Плюс модуль по работе с полинейропатией стоп. Протоколы уже на тестах. Всё выглядит серьёзно.
— Это — фарма? Или фронт?
— Это — следующий шаг, — сказала Сьюзен. — Или новый капкан. Пока не совсем ясно.
Гога смотрел на её руки — тонкие, уверенные, с кольцом, которое он не замечал раньше.
Он понял: Женевская весна — обманчива. И красивая. Как сама Сьюзен.
 Тишина в доме была почти неприличной — звенящей. Он смотрел в окно, где вишнёвое дерево только начинало цвести, как будто и оно не верило, что весна всерьёз.
— Мы не вытянем это одни, — сказала Сьюзен. — Нам нужен третий. Человек с доверием. С опытом. И — с языками.
Гога не ответил. Он уже знал, кого она имеет в виду.
— Я с ним говорила, — продолжила она. — Он отказался. Категорически.
Говорит: "Я на месте. Я в Киеве. У нас тут всё работает. Новое поколение дронов — в деле. Испытания прошли. Первые результаты уже на фронте".
Он сказал, что здесь ему делать нечего.
— Значит, верен себе, — кивнул Гога.
— Да. Но мы не справимся без кого-то вроде него.
Компания, с которой мы связались, серьёзная. Но не святая. Израильтяне, индейцы. Один из тех, кто с нами говорил — бывший специалист из Rafael. Другой — из Бангалора, инженер с манией к мозговым интерфейсам. Они видят в нас "ключевых партнёров". На бумаге — красиво. А в реальности?..
— У нас что-то подписано?
— Пока нет. Только интерес и доступ к альфа-протоколам. Но они спешат. Предложили приехать в Тель-Авив. Встретиться. Посмотреть лабораторию.
Гога помолчал. Он чувствовал, что снова заходит в ту зону, где наивность может стоить жизни.
— А деньги?
— Сразу не дадут. Только акции. Но суммы — серьёзные. Платформа может выстрелить. Если доживёт до клиники.

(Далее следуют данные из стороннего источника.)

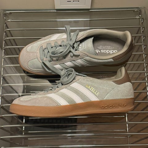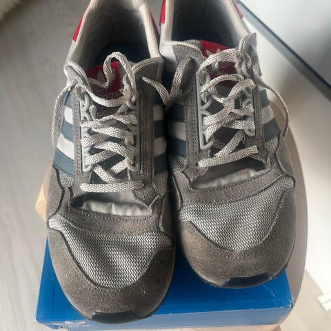 Adidas sneakers joggesko i størrelse 42. Modellen har overdel i beige materiale med de karakteristiske tre stripene på sidene og mørk hælkappe. Yttersåle i gummi. Leveres med lisser som vist på bildene. Egner seg som fritidssko og hverdagsbruk.
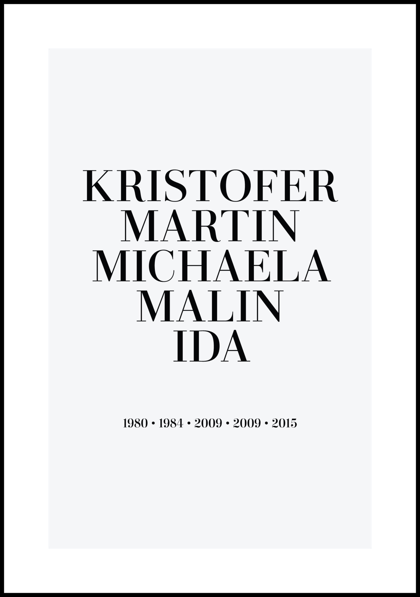 Family picture - 5 Names & Birth years - Grey (21x29,7 cm (A4))

Он встал, подошёл к роялю, провёл пальцем по крышке. Пыль отсутствовала. Всё блестело. Как в музее.
— А если это прикрытие?
— Тогда мы узнаем.
Она подошла ближе.
— Гог… Я тебя прошу: не в одиночку. Ни одного шага — в одиночку. Ты нужен им. Но ещё больше — мне.
Гога посмотрел ей в глаза. Прямо. Не как мужчина женщине. Как партнёр — партнёру.
— Если Вайс не приедет — нам нужен кто-то другой.
Кто может быть вторым Вайсом?
Сьюзен сжала губы.
— Никто. Но можно найти хотя бы половину.
В коридоре снова мелькнула Лея. Бесшумная, почти призрачная.
А за окном над Женевой сгущались облака.
Весна продолжалась. Но с каждым днём становилась всё более тревожной.
Сьюзен вернулась с планшетом, но Гога поднял руку — остановил её жестом.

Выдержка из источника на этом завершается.